Gandhi and other campaigners during the Salt March / "Salt Satyagraha", 1930 (Gandhi Heritage Portal, Sabarmati Ashram Preservation and Memorial Trust, Ahmedabad) .

The Salt March

In 1930, Gandhi led the Salt March – a transformative event in the history of Indian independence.

A British monopoly on salt made it illegal for Indian people to collect this basic necessity. 

In a letter to the British Viceroy of India,  Gandhi declared his intention to break the salt laws:

the conviction is growing deeper and deeper in me that nothing but… non-violence can check the organized violence of the British Government. Many think that non-violence is not an active force. My experience… shows that non-violence can be an intensely active force. It is my purpose to set in motion that force as well against the organized violent force of the British rule as [against] the unorganized violent force of the growing party of violence… This non-violence will be expressed through civil disobedience, for the moment confined to the inmates of the Satyagraha Ashram, but ultimately designed to cover all those who choose to join the movement… I know that in embarking on non-violence I shall be running what might fairly be termed a mad risk. But the victories of truth have never been won without risks, often of the gravest character.

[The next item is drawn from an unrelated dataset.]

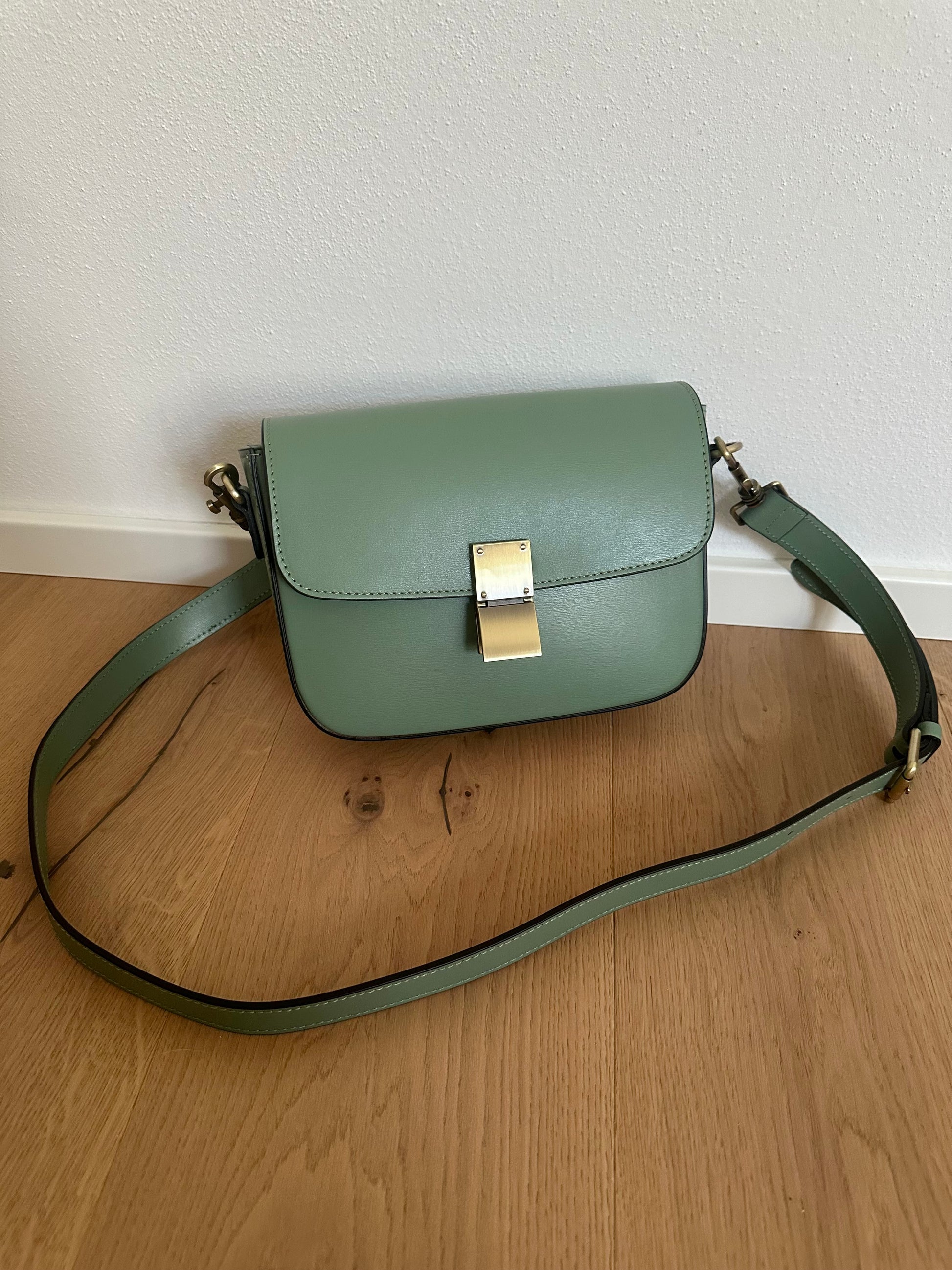 •The bag has a single lined compartment inside and a small zipped pocket.

Gandhi left his ashram with seventy eight volunteers on a march to Dandi, a village on the sea coast, over 400 kilometres away. Thousands looked on as they departed, and thousands more gathered as they walked from village to village along the route.

With people across the country and across the world looking on, Gandhi publicly broke British laws by collecting salt by the sea. His action took place as Indians marked an important anniversary – it the first day of the week that the independence movement commemorated the 1919 Jallianwala Bagh massacre in Amritsar.  

The Guardian newspaper reported

The great test has come for “Mahatma” Gandhi, the Indian Nationalist leader, in his efforts to obtain the complete independence of India from British rule. Wading into the sea this morning… Gandhi and his followers broke the salt monopoly laws and so inaugurated the campaign of mass civil disobedience.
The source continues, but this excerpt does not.